As a substitution to drawing, electrospinning is a highly versatile fabrication technique that has been used to obtain artificial heart valves with desirable macroscopic shape and size, mechanical properties, heterogeneity and manufacture fibers from sub-micron to nanometer fibers from a wide range of polymeric materials.

The microfibril structure of electrospun scaffolds support the myocardial tissue as it resembles its hierarchical structure.In contrast to molding,the alignment of electrospun microfibers can be controlled to create mechanical anisotropy as in the native heart valve.

In this method electrodes with either insulating or conductive patterns,having variable and controllable deposition time are employed. However,these electrodes are embodied by electrospun scaffolds due to the presence of organic solvents and high voltages.
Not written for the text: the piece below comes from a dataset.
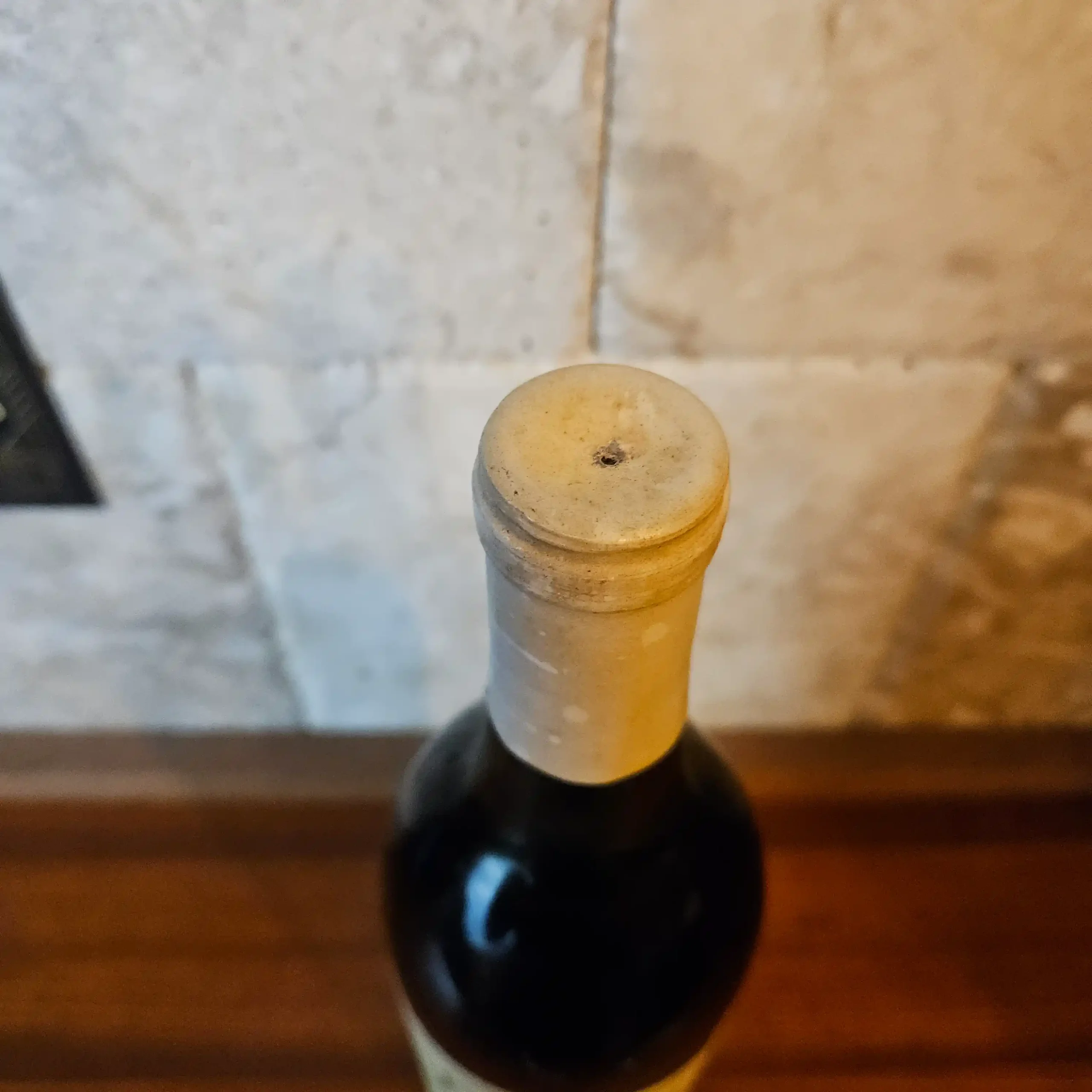 Always stored on its side in a climate-controlled cellar.

An added advantage of electrospinning is that it incorporates suture-free heart valves to integrate the wall scaffolds into valved  geometries.

3D Printing Technology for biofabrication :

  • However, 3D Printing being used for bio fabrication is an emerging technology of the nearing future.
  • There are three methods of 3D bio fabrication : Laser-induced forward transfer, inkjet, and extrusion printing.
  • 3D Printing Technologies require stiff hydrogels for fabrication whereas cell culture is carried out in substances having low viscosity and low stiffness,  resulting in shapeless structures.